---------- EXTRACTED DATA ----------
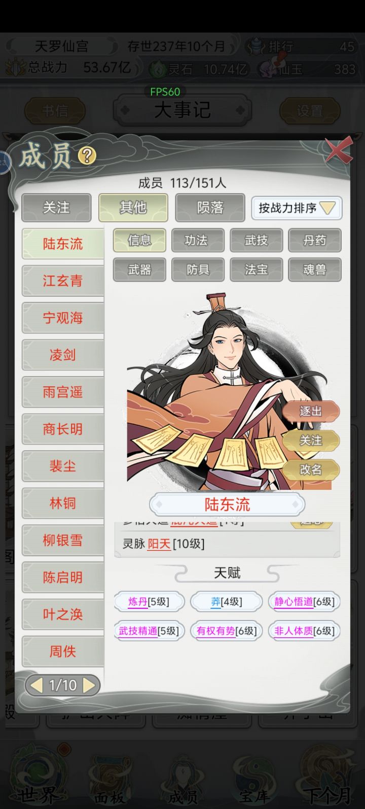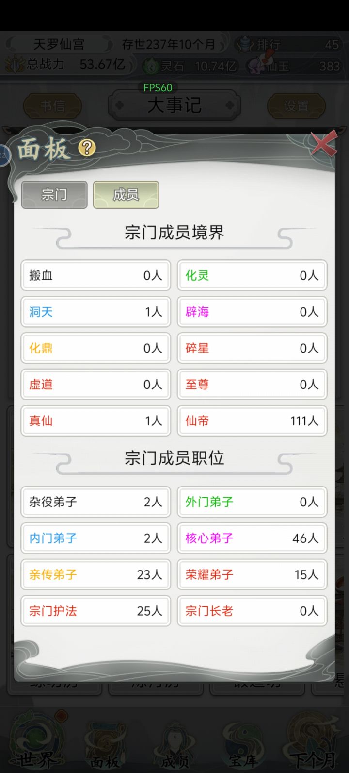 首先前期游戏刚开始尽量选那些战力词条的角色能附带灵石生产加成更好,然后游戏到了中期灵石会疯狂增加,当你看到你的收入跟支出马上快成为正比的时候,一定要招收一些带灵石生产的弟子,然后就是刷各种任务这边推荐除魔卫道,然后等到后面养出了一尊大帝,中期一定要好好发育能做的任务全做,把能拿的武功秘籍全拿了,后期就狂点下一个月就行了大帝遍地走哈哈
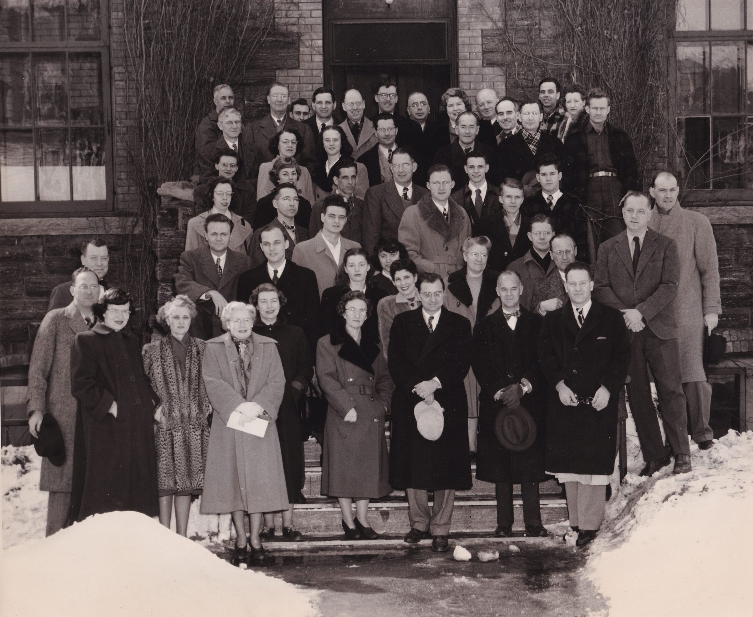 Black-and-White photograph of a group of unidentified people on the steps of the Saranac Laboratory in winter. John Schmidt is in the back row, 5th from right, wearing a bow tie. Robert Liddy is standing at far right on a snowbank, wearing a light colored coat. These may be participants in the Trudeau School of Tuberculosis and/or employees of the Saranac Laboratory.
----------
---------- EXTRACTED DATA ----------
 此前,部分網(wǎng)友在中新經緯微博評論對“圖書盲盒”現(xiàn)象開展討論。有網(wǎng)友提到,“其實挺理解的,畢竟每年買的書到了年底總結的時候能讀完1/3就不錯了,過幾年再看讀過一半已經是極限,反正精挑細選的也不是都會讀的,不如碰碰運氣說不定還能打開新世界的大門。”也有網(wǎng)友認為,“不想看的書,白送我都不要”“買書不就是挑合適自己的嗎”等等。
----------
**WORK TO COMPLETE**
Above are the records; restate exactly the lines from the one containing "首先前期游戏刚开始尽量选那些" through the one containing "Black-and-White photograph of", keeping pictures out.

**COMPLETED TASK**
 首先前期游戏刚开始尽量选那些战力词条的角色能附带灵石生产加成更好,然后游戏到了中期灵石会疯狂增加,当你看到你的收入跟支出马上快成为正比的时候,一定要招收一些带灵石生产的弟子,然后就是刷各种任务这边推荐除魔卫道,然后等到后面养出了一尊大帝,中期一定要好好发育能做的任务全做,把能拿的武功秘籍全拿了,后期就狂点下一个月就行了大帝遍地走哈哈
 Black-and-White photograph of a group of unidentified people on the steps of the Saranac Laboratory in winter. John Schmidt is in the back row, 5th from right, wearing a bow tie. Robert Liddy is standing at far right on a snowbank, wearing a light colored coat. These may be participants in the Trudeau School of Tuberculosis and/or employees of the Saranac Laboratory.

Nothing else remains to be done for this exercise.